Probate is the process by which a judge oversees the distribution of your estate and assets once you die. While the probate process does ensure everything is fairly divided and distributed, it can also be a bit of annoyance for your heirs to have to go through. It will take your heirs longer to get what you have left them, and there may be some legal process they have to go through. For this reason, it's smart to take actions while you are alive to ensure your estate does not have to go through probate once you pass. There are a few ways to do this.
1. Add your heir to your title.
If you own a house or other real estate, a good way to avoid the probate process is to add the person who you want to inherit the home to the title while you're still alive.

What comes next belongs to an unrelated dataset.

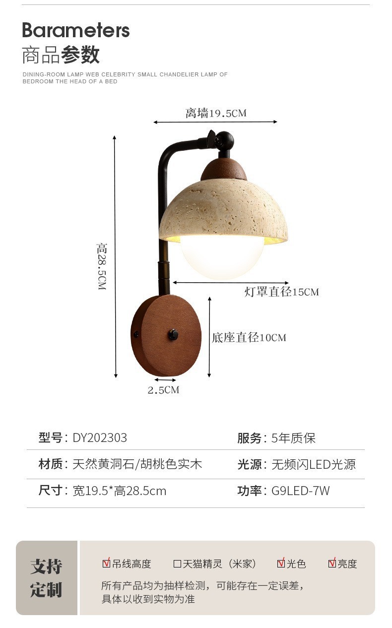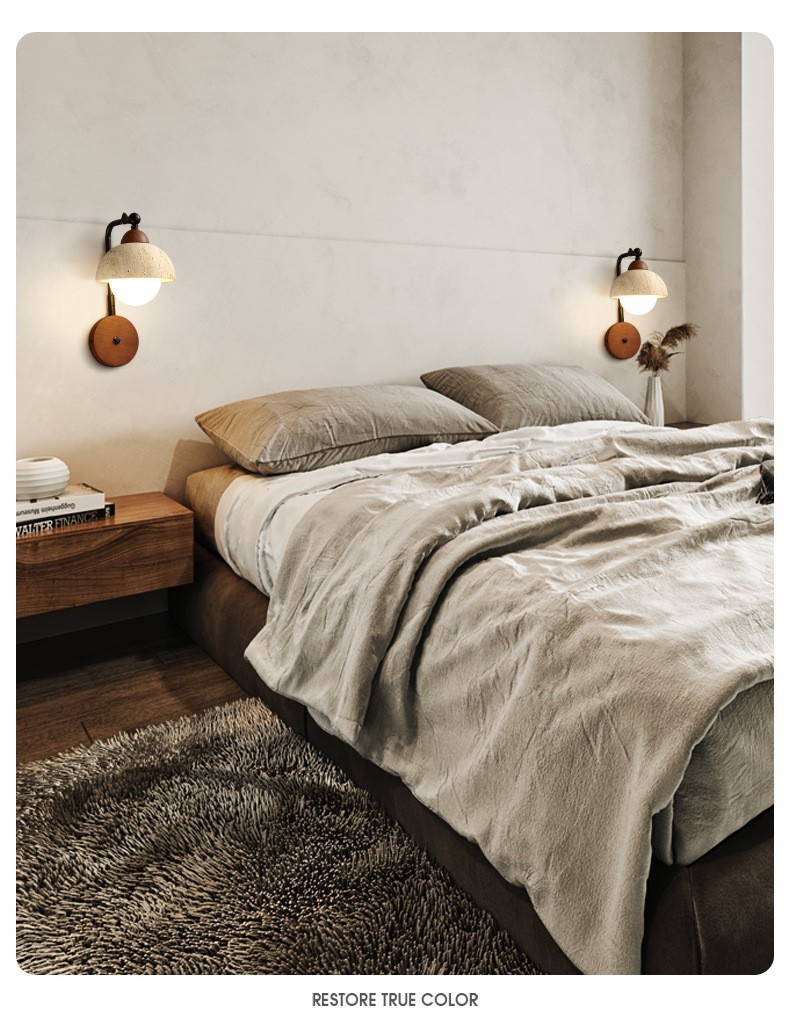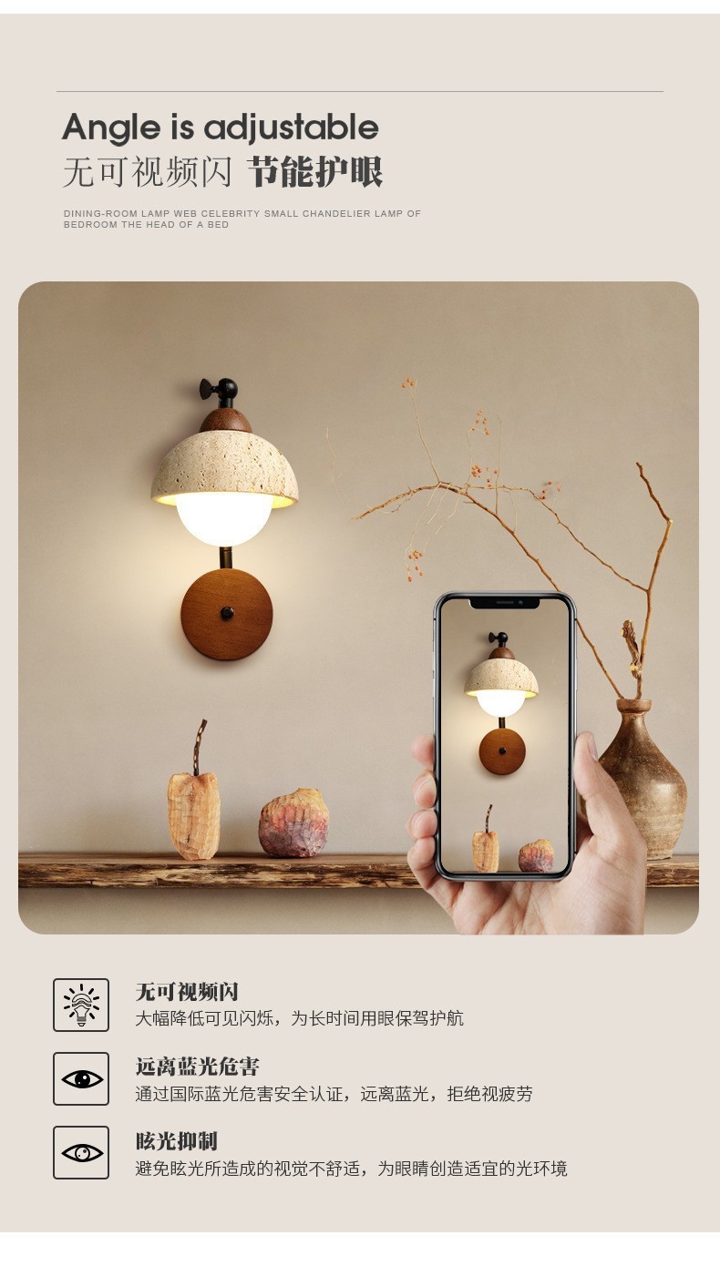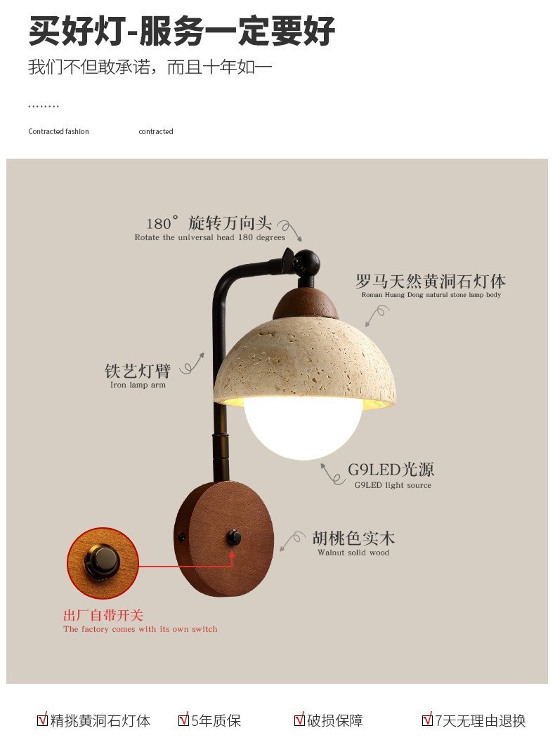 조용한 바람 노란 동굴 돌 벽 램프 북유럽 홈스테이 레스토랑 복도 침실 침실 레트로 월넛 컬러 벽 램프스토어 가기

For the time being, you will both be owners of the home. Then when you pass, the home will automatically be left to the other person on the title. If you still have a mortgage on the home, you will need to work with the bank to refinance in order for this plan to work. If you own the home outright, you just need to meet with an attorney to have ownership transferred.
2. Give items away.
You could also give certain items away to your heirs while you're still around. Of course, this only works for certain items -- you can't very well give someone your car if you are still driving it every day! Many people take this route for items like antique cars, valuable jewelry, and cash. Talk to a probate and estate attorney before you give anything away that's worth more than a few hundred dollars, as you may have to pay gift tax -- depending on your situation and the state in which you live.
3. Set up a transfer on death.
This works best for motor vehicles, trailers, campers, and other more expensive items for which there is a title. Set up a transfer upon death -- a document that indicates that when you pass, the item is automatically transferred to another individual. Some states do not allow this for vehicles, or for vehicles over a certain value, so again -- you need to check with your lawyer and local laws before making this move.